Dans un teaser filmé en noir et blanc, un vieil homme au regard torve est en train de regarder un snuff-movie dans l'obscurité de son salon. La pellicule noir et blanc montre une femme noire presque nue se faire taillader le ventre à l'arme blanche (une machette). Le film étant muet, seul le bruit de la caméra super 8 vient troubler le silence pesant régnant dans la pièce. Mais soudain, la porte s'ouvre, et l'on aperçoit alors le visage d'un enfant.
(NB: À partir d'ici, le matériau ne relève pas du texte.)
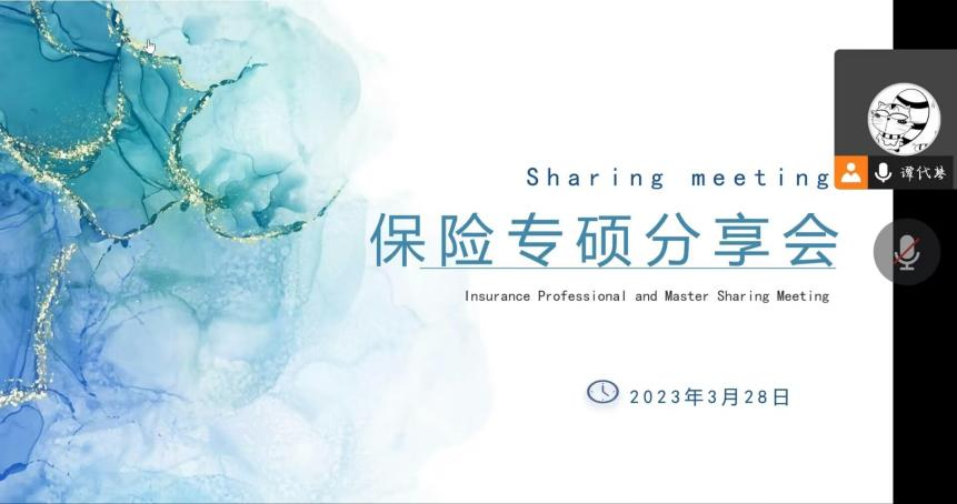 2023年3月28日晚,保险学专业为20级和 21级同学开展了一场保险专硕士线上宣讲会。本次会议邀请到六位校友,分别是研究生就读于湖南工商大学的15级农通理、对外经济贸易大学的16级吴东阳、中南财经政法大学的17级曾智仁、广东财经大学的18级陈梦洁、西南财经大学的18级龚玉、东北财经大学的18级袁湘钰。他们从如何择校、各自学校保险专硕的专业特色与就业方向、如何理性对待数学科目等方面进行了分享,为同学们答疑解惑。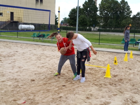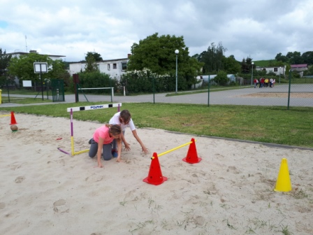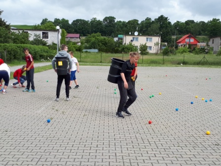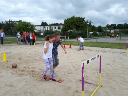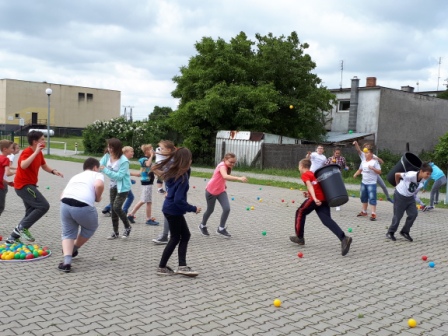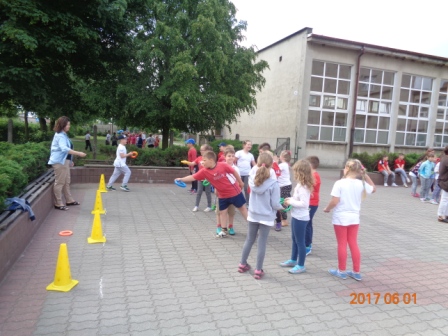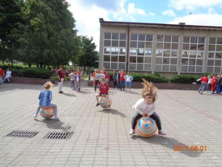 Następnie uczniowie z klas I-III pod opieką swoich wychowawczyń udali się na boisko szkolne, aby uczestniczyć w grach i zabawach na wesoło. Dzieci poprzez ruch i zabawę podjęły zmagania skacząc w workach i na gumowych piłkach, pokonując i omijając przeszkody, trafiając do celu i rywalizując w grze „Dwa ognie”. Najmłodsi uczniowie naszej szkoły bawili się doskonale, dając upust swoim emocjom i niespożytej energii.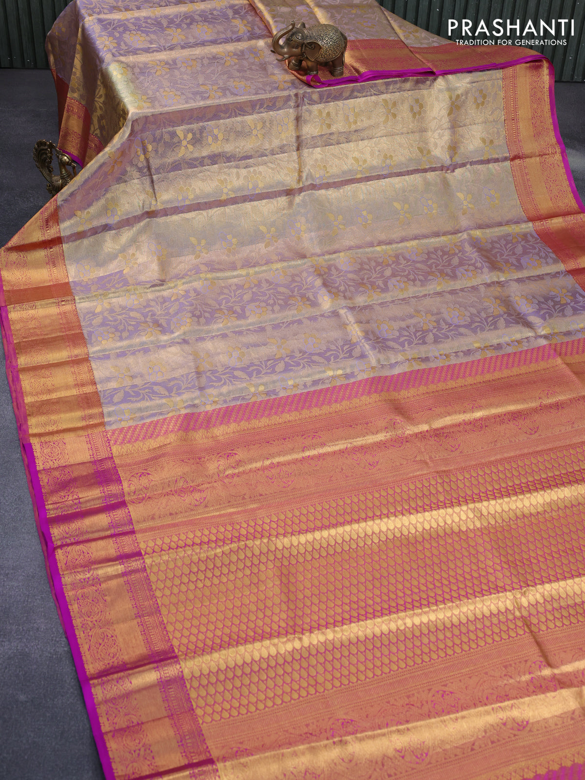 Pure kanchipuram tissue silk saree gold and pink with allover zari woven brocade weaves and zari woven border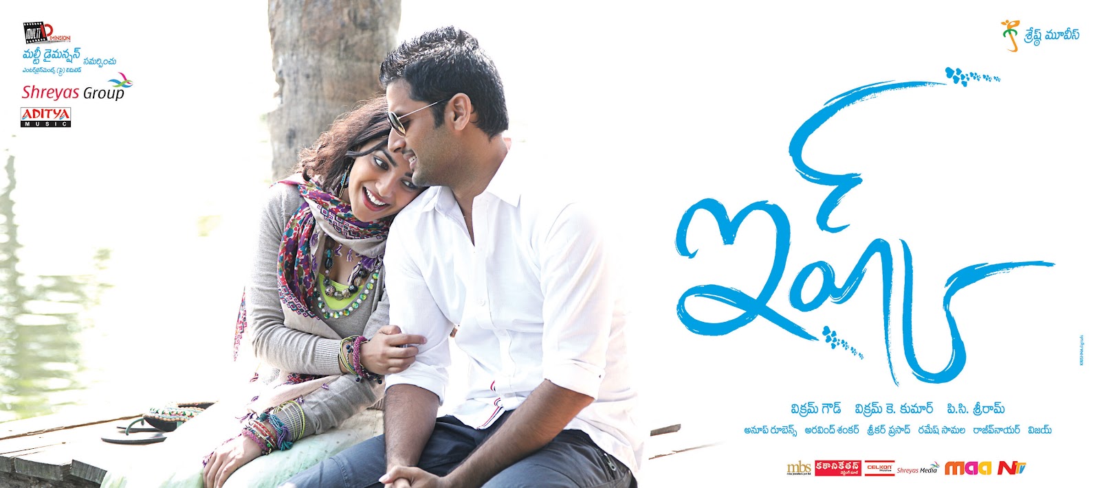 Description: A man and woman sitting on a bench in front of a poster for a movie with the words'saala '.
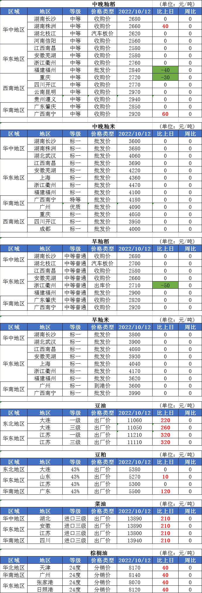 3、截至9月30日,主產(chǎn)區(qū)各類糧食企業(yè)累計收購早秈稻628萬噸,同比增加41萬噸;中晚秈稻364萬噸,同比增加86萬噸。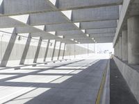 An abstract view of a concrete bridge in Los Angeles. The hard shadow casts a unique light on the urban infrastructure. The city's architecture is showcased in this concrete street, lined with buildings and surrounded by the bustling city.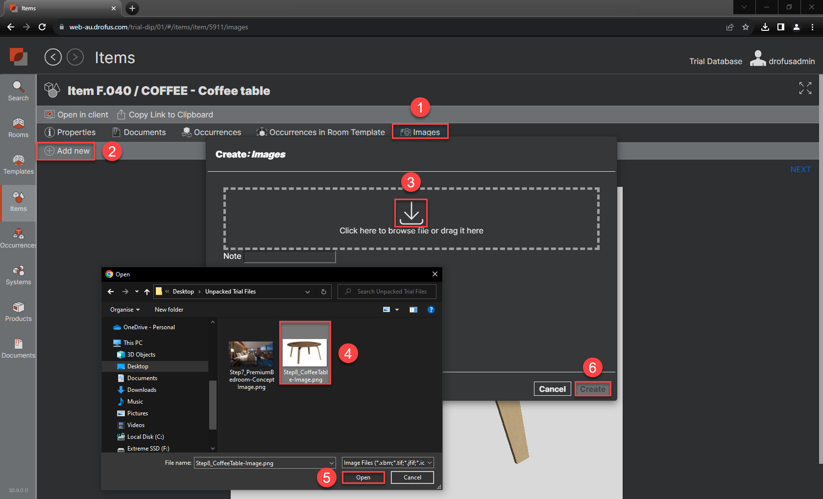 b. Log in to dRofus Web within your web browser, go to Images, then Add new, then browse file to upload image “Step8_CoffeeTable-Image.png” as follows: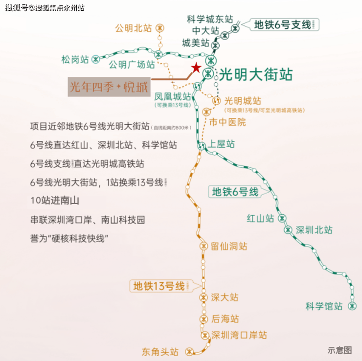 3地铁:6号线光明大街站 、6号线支线、13号线(在建中,一期南段预计今年年底开通)

On devine que le petit garçon, ne trouvant pas le sommeil, est venu retrouver son grand-père. Lorsqu'il découvre l'horreur en train de se dérouler sur l'écran, il se met à crier, et à pleurer. Mais son grand-père, sans détourner le regard de la scène de torture, prend le garçonnet dans ses bras, le forçant à regarder le spectacle en sa compagnie.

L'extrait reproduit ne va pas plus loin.